> **TASK GOAL**
Starting from the top of the entries below and ending with the line containing "This small Classic", restate every line word for word, pictures omitted.

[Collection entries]

________

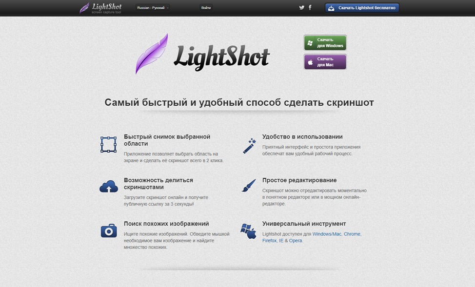 Он позволяет делать снимки как отдельных окон и всего экрана, так и выборочных фрагментов.
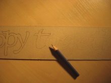 - Dekorasi dipotong dengan pisau tajam. Anda boleh menggunakan pelbagai instrumen perkeranian biasa. Prasasti panjang lebih mudah untuk dipotong bahagian.
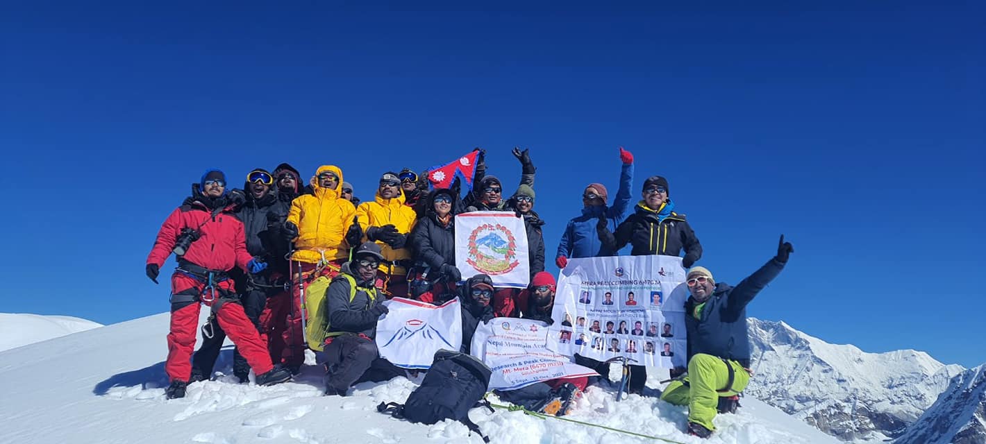 बाह्र विद्यार्थीसहित १८ जनाको टोलीले सोलुखुम्बुमा पर्ने ‘मेरा पिक’ हिमालको सफलतापूर्वक अध्ययन आरोहण गरेका छन् । नेपाल माउन्टेन एकेडेमी प्रथम व्याजका १८ विद्यार्थीले उक्त हिमालको अध्ययन आरोहण गरेका हुन् । अध्ययन आरोहणका व्यवस्थापक रिफ्य...
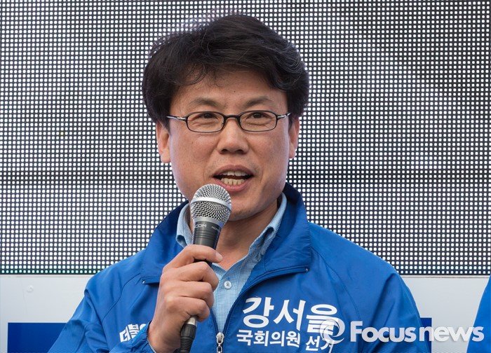 (서울=포커스뉴스) 2016 제20대 국회의원선거를 하루 앞둔 12일 오후 서울 강서구 발산역 인근에서 금태섭 더불어민주당 강서갑 후보, 진성준 강서을 후보, 김종인 비대위 대표 겸 선대위원장, 한정애 강서병 후보가 유권자들에게 지지를 호소하고 있다.
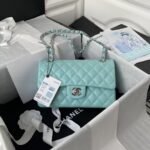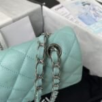 This small Classic Double Flap Bag in light blue caviar leather with silver hardware features a front flap with signature CC turnlock closure, half-moon back pocket, adjustable interwoven silver chain and light blue leather shoulder strap.
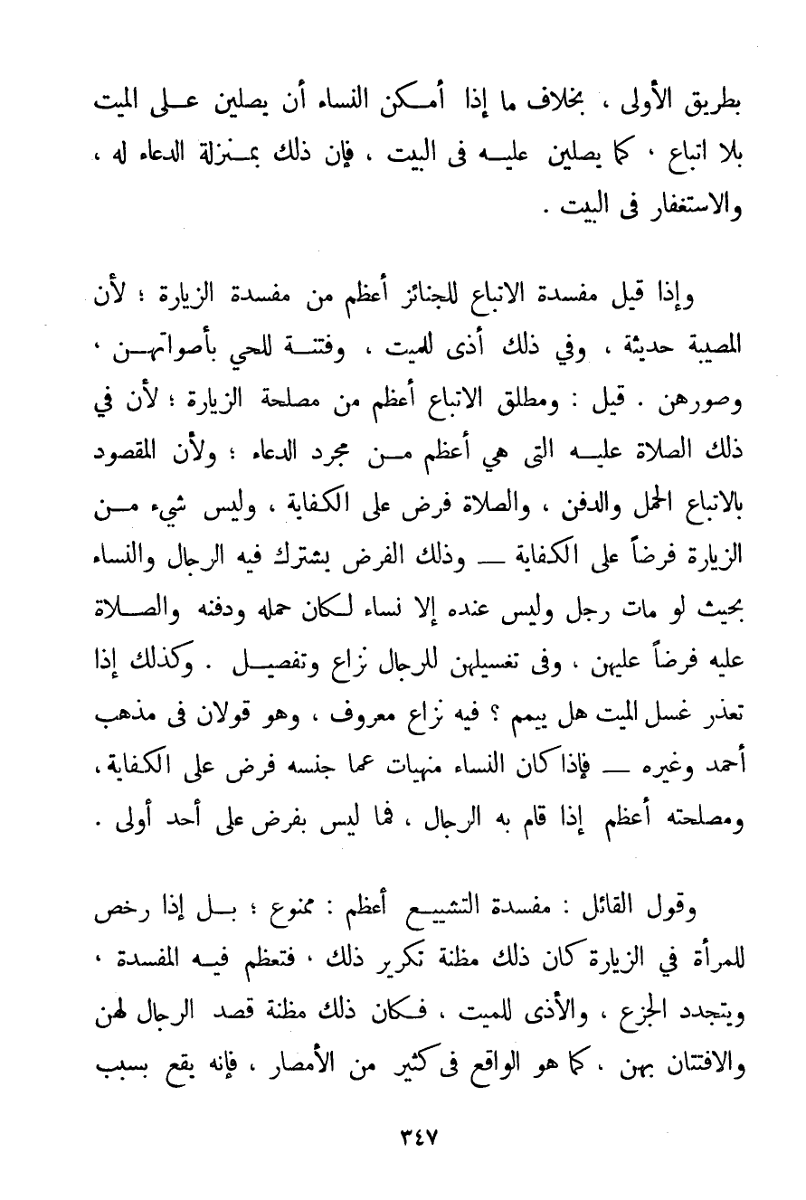 الْأَوْلَى بِخِلَافِ مَا إذَا أَمْكَنَ النِّسَاءَ أَنْ يُصَلِّينَ عَلَى الْمَيِّتِ بِلَا اتِّبَاعٍ كَمَا يُصَلِّينَ عَلَيْهِ فِي الْبَيْتِ فَإِنَّ ذَلِكَ بِمَنْزِلَةِ الدُّعَاءِ لَهُ وَالِاسْتِغْفَارِ فِي الْبَيْتِ. وَإِذَا قِيلَ مَفْسَدَةُ الِاتِّبَاعِ لِلْجَنَائِزِ أَعْظَمُ مِنْ مَفْسَدَةِ الزِّيَارَةِ؛ لِأَنَّ الْمُصِيبَةَ حَدِيثَةٌ وَفِي ذَلِكَ أَذًى لِلْمَيِّتِ وَفِتْنَةٌ لِلْحَيِّ بِأَصْوَاتِهِنَّ وَصُوَرِهِنَّ. قِيلَ: وَمُطْلَقُ الِاتِّبَاعِ أَعْظَمُ مِنْ مَصْلَحَةِ الزِّيَارَةِ؛ لِأَنَّ فِي ذَلِكَ الصَّلَاةَ عَلَيْهِ الَّتِي هِيَ أَعْظَمُ مِنْ مُجَرَّدِ الدُّعَاءِ؛ وَلِأَنَّ الْمَقْصُودَ بِالِاتِّبَاعِ الْحَمْلُ وَالدَّفْنُ وَالصَّلَاةُ فَرْضٌ عَلَى الْكِفَايَةِ وَلَيْسَ شَيْءٌ مِنْ الزِّيَارَةِ فَرْضًا عَلَى الْكِفَايَةِ - وَذَلِكَ الْفَرْضُ يَشْتَرِكُ فِيهِ الرِّجَالُ وَالنِّسَاءُ بِحَيْثُ لَوْ مَاتَ رَجُلٌ وَلَيْسَ عِنْدَهُ إلَّا نِسَاءٌ لَكَانَ حَمْلُهُ وَدَفْنُهُ وَالصَّلَاةُ عَلَيْهِ فَرْضًا عَلَيْهِنَّ وَفِي تَغْسِيلِهِنَّ لِلرِّجَالِ نِزَاعٌ وَتَفْصِيلٌ. وَكَذَلِكَ إذَا تَعَذَّرَ غُسْلُ الْمَيِّتِ هَلْ يُيَمَّمُ؟ فِيهِ نِزَاعٌ مَعْرُوفٌ وَهُوَ قَوْلَانِ فِي مَذْهَبِ أَحْمَد وَغَيْرِهِ - فَإِذَا كَانَ النِّسَاءُ مَنْهِيَّاتٍ عَمَّا جِنْسُهُ فَرْضٌ عَلَى الْكِفَايَةِ وَمَصْلَحَتُهُ أَعْظَمُ إذَا قَامَ بِهِ الرِّجَالُ فَمَا لَيْسَ بِفَرْضٍ عَلَى أَحَدٍ أَوْلَى. وَقَوْلُ الْقَائِلِ: مَفْسَدَةُ التَّشْيِيعِ أَعْظَمُ: مَمْنُوعٌ؛ بَلْ إذَا رُخِّصَ لِلْمَرْأَةِ فِي الزِّيَارَةِ كَانَ ذَلِكَ مَظِنَّةَ تَكْرِيرِ ذَلِكَ فَتَعْظُمُ فِيهِ الْمَفْسَدَةُ وَيَتَجَدَّدُ الْجَزَعُ وَالْأَذَى لِلْمَيِّتِ فَكَانَ ذَلِكَ مَظِنَّةَ قَصْدِ الرِّجَالِ لَهُنَّ وَالِافْتِتَانِ بِهِنَّ كَمَا هُوَ الْوَاقِعُ فِي كَثِيرٍ مِنْ الْأَمْصَارِ فَإِنَّهُ يَقَعُ بِسَبَبِ

________

> **EXPECTED OUTPUT**
 Он позволяет делать снимки как отдельных окон и всего экрана, так и выборочных фрагментов.
 - Dekorasi dipotong dengan pisau tajam. Anda boleh menggunakan pelbagai instrumen perkeranian biasa. Prasasti panjang lebih mudah untuk dipotong bahagian.
 बाह्र विद्यार्थीसहित १८ जनाको टोलीले सोलुखुम्बुमा पर्ने ‘मेरा पिक’ हिमालको सफलतापूर्वक अध्ययन आरोहण गरेका छन् । नेपाल माउन्टेन एकेडेमी प्रथम व्याजका १८ विद्यार्थीले उक्त हिमालको अध्ययन आरोहण गरेका हुन् । अध्ययन आरोहणका व्यवस्थापक रिफ्य...
 (서울=포커스뉴스) 2016 제20대 국회의원선거를 하루 앞둔 12일 오후 서울 강서구 발산역 인근에서 금태섭 더불어민주당 강서갑 후보, 진성준 강서을 후보, 김종인 비대위 대표 겸 선대위원장, 한정애 강서병 후보가 유권자들에게 지지를 호소하고 있다.
 This small Classic Double Flap Bag in light blue caviar leather with silver hardware features a front flap with signature CC turnlock closure, half-moon back pocket, adjustable interwoven silver chain and light blue leather shoulder strap.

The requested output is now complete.